So no, we are not taking a different approach to structured error handling from other languages.  We are just sensitive about performance and took the cautions approach, for better or worse.  So again, this statement in the doc is way too strong and we will amend it.  Therefore, as I originally said, you should just turn on -errorstack and not worry about it.

Posted by Mike Fechner on 16-Oct-2017 09:58

Thanks Laura! That’s helpful (including the Windows vs. Unix comparison)

Posted by dbeavon on 16-Oct-2017 11:50

It will be good to start turning on these stacks. Now I'll immediately know where to look for a problem when my program execution encounters an error like so : ("** Invalid character in numeric input ?.")  Unfortunately a vague data-related error message like that one might easily come from **any** part of our legacy ABL codebase.  Errors like that one have been very hard to troubleshoot without call stacks. They are usually intermittent, so it is difficult to enable errorstack temporarily  and capture one of them when you need it.
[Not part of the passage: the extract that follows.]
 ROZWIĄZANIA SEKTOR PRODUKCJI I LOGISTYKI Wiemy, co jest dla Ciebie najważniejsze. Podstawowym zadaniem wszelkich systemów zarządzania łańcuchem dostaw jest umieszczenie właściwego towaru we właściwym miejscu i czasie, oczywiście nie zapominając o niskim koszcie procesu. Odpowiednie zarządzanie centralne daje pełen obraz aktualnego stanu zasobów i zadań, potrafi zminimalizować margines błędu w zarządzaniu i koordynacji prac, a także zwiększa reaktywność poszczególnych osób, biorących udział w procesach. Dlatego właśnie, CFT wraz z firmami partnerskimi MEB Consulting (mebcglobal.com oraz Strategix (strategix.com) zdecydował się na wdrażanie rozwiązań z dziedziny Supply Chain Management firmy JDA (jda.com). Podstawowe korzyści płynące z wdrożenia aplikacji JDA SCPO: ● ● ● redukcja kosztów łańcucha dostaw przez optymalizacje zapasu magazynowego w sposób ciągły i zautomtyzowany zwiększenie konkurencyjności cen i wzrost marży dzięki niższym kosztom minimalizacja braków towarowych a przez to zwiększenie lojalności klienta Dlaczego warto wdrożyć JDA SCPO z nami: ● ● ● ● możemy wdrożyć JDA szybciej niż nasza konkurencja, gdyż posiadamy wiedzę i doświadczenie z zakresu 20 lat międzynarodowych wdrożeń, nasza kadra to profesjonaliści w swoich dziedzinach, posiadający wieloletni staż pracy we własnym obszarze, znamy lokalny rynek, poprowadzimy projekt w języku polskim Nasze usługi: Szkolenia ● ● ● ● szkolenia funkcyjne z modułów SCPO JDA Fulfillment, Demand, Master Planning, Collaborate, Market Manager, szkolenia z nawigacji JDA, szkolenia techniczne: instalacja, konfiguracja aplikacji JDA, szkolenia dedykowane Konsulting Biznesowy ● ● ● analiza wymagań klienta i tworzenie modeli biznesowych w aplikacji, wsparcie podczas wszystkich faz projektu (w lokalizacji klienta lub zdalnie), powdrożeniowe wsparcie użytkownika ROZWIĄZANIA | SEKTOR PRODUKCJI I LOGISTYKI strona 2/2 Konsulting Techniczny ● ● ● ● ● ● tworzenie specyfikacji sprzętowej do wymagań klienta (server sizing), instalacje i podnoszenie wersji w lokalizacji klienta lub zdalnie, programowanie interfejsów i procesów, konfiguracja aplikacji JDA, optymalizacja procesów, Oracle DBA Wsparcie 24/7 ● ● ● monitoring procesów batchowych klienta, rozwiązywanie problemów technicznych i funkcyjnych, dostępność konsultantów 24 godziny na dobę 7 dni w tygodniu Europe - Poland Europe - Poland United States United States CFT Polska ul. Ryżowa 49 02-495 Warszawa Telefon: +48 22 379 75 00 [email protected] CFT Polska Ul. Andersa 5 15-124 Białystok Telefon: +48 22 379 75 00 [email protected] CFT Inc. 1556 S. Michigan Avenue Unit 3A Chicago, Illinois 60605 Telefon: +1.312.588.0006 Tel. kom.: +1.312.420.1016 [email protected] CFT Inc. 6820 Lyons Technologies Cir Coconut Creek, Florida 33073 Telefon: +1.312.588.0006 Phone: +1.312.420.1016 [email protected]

If it wasn't because of performance concerns, then the only other reason I can think why errorstacks might have been disabled by default is so that OE ISVs can hide that level of information from their customers in the event of a bug.  (IE. they may want to hide stacks for reasons that are similar to why they "encrypt" their ABL source files.)  

But hiding information has a cost in terms of maintenance and support.  It may not be worth hiding stacks in those kinds situations either.  We develop ABL for in house software and we certainly have no reason to hide call stacks.

Thanks for all the help.  

This thread is closed